3 Delicious Non-Dairy Alternatives To Enjoy On National Milk Day | www.naturallyhealthynews.com


  1. David Curtis

    January 11, 2017 at 10:23 pm

    I like all 3 of these milks(coconut, almond and oats). Even tried to make these milks at home because some of the shops brands have too much sugar..

  2. les serff

    January 27, 2017 at 8:01 am

    I am surprised to see you mentioning that there is no cholesterol in the different milk alternatives you listed. The cholesterol myth has been discredited, finally, and dietary cholesterol is not in itself a source of any problems. The body, as you know produces around 75% of the cholesterol needed for essential functions, and the rest comes from diet. If one gets more cholesterol from the diet then the liver produces less. Cholesterol is essential for humans and is found in all cells especially in brain cells. This information is finally arriving but it slowly trickling down to general public, GPs etc. People need to be disabused of the erroneous information which has been promoted every since Ancel Keys introduced his diet-Heart hypothesis and his manipulation of the data by only basing his theory on seven of the 20 countries he studied. Also Humans have always had animal fats in their diet and they are not in themselves harmful, except when oxidised, for example, in overcooking such as in barbecues.

    • Jude

      January 29, 2017 at 11:50 am

      I spotted that also, thank you for highlighting it, jude

    • karen

      January 29, 2017 at 4:07 pm

      Well said Les. You know your stuff!

  3. Steve Reynolds

    January 30, 2017 at 12:03 pm

    I am surprised you recommend Oat milk when you and your coaches recommend a grain free diet.
    How is this justified?

    • Anna Jones

      January 31, 2017 at 11:50 am

      You can use Sprouted Oats and they are a much healthier and nutritious choice.

      • Steve Reynolds

        January 31, 2017 at 5:25 pm

        Yes, I use sprouted Oats for porridge but all the Oat milks I’ve seen are not sprouted.
        So there a seems to be a conflict in the advice here.

        • Lindsay

          February 1, 2017 at 8:53 am

          Hi Steve, for health and sustainability, a more plant-based diet is becoming a more popular option, and although oat milk is higher in carbs that other non-dairy milks, it can be a better option for many than dairy milk, which is what the article was highlighting. It may not be a good choice for everyone, but it is one of the alternatives out there for information purposes.

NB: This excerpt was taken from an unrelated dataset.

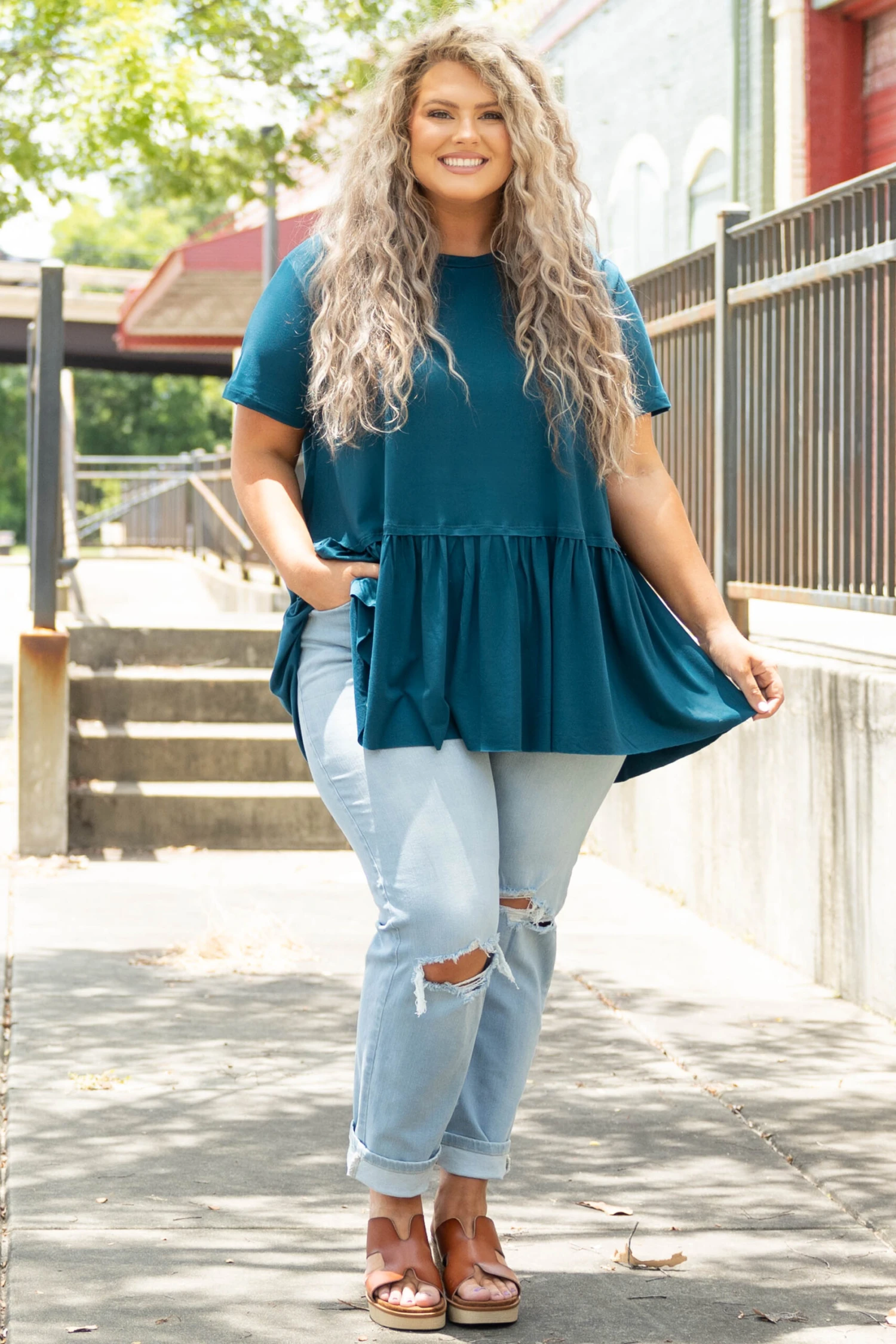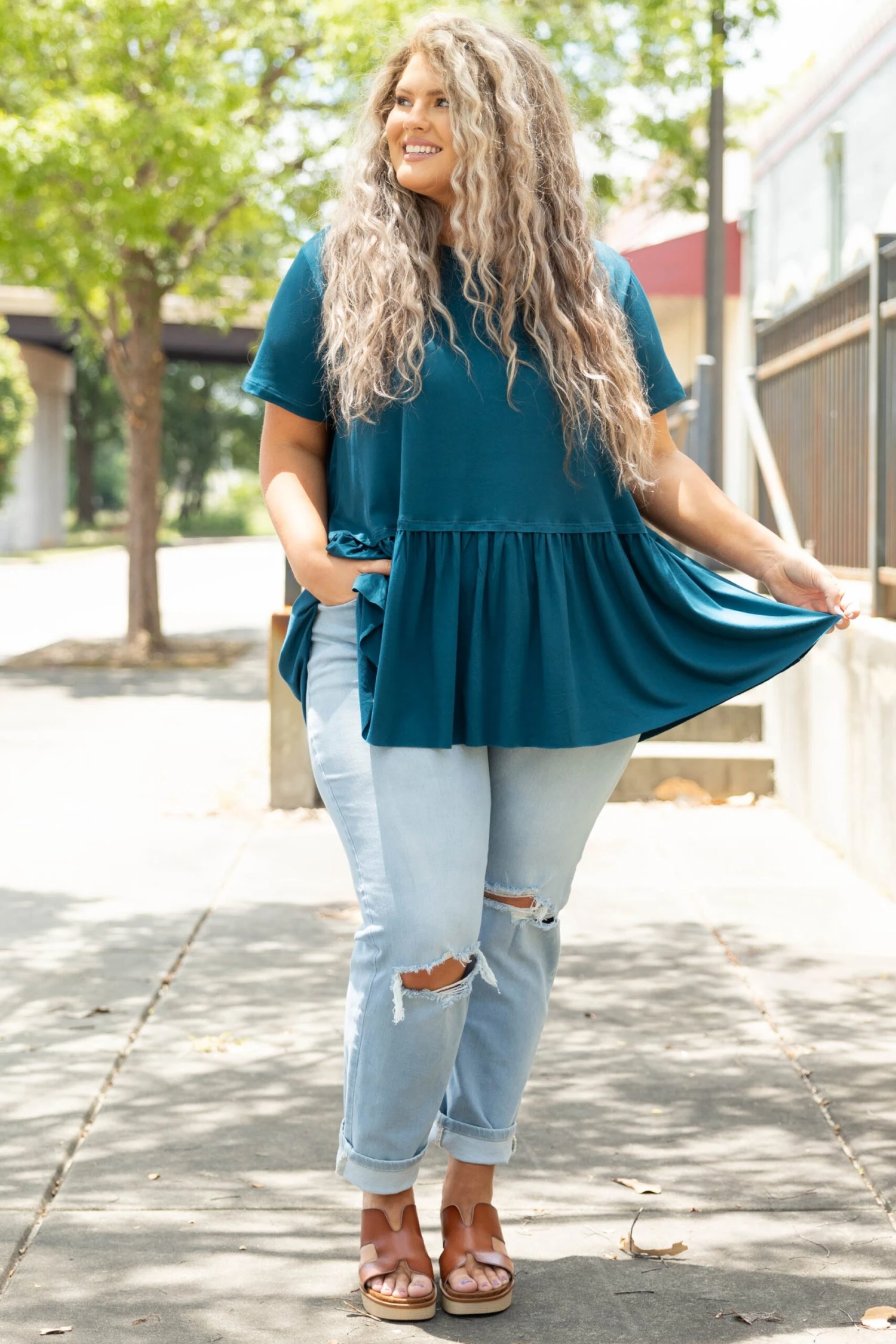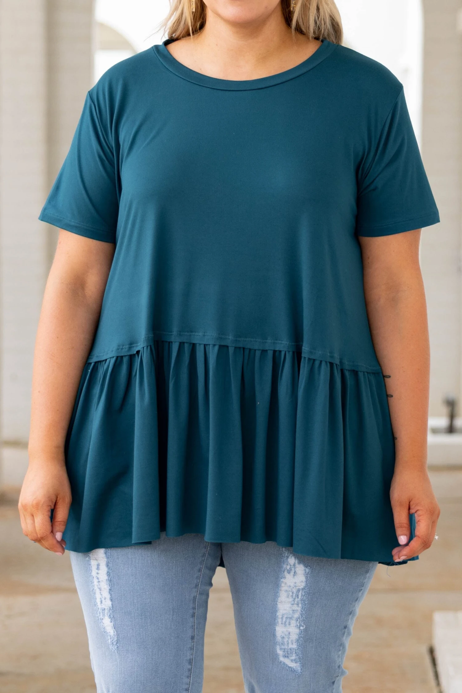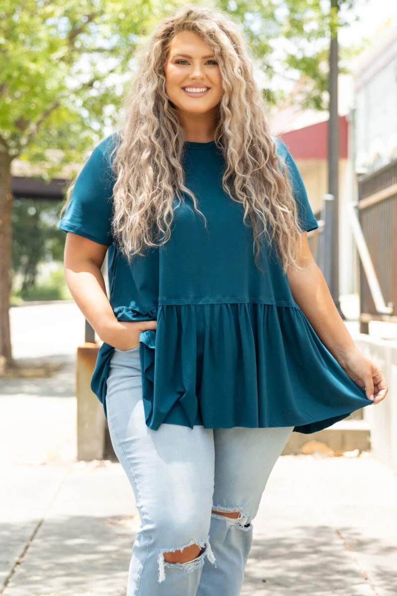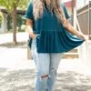 Charm the crowd in this cutie! The babydoll style and teal color is just what you need for this season! The simplicity of this top means you can pair it with all your faves! Style this with skinnies and wedges for a classic look!

          • Steve Reynolds

            February 1, 2017 at 5:43 pm

            Hi Lindsay, I can see the comparison with animal milk and welcome the move towards a more plant based diet.
            The recommendation lacks the balance of the fact that it contains carbs, which is not a good choice for anyone who is following your no grain advice. Which Robert Redfern feels everyone should follow.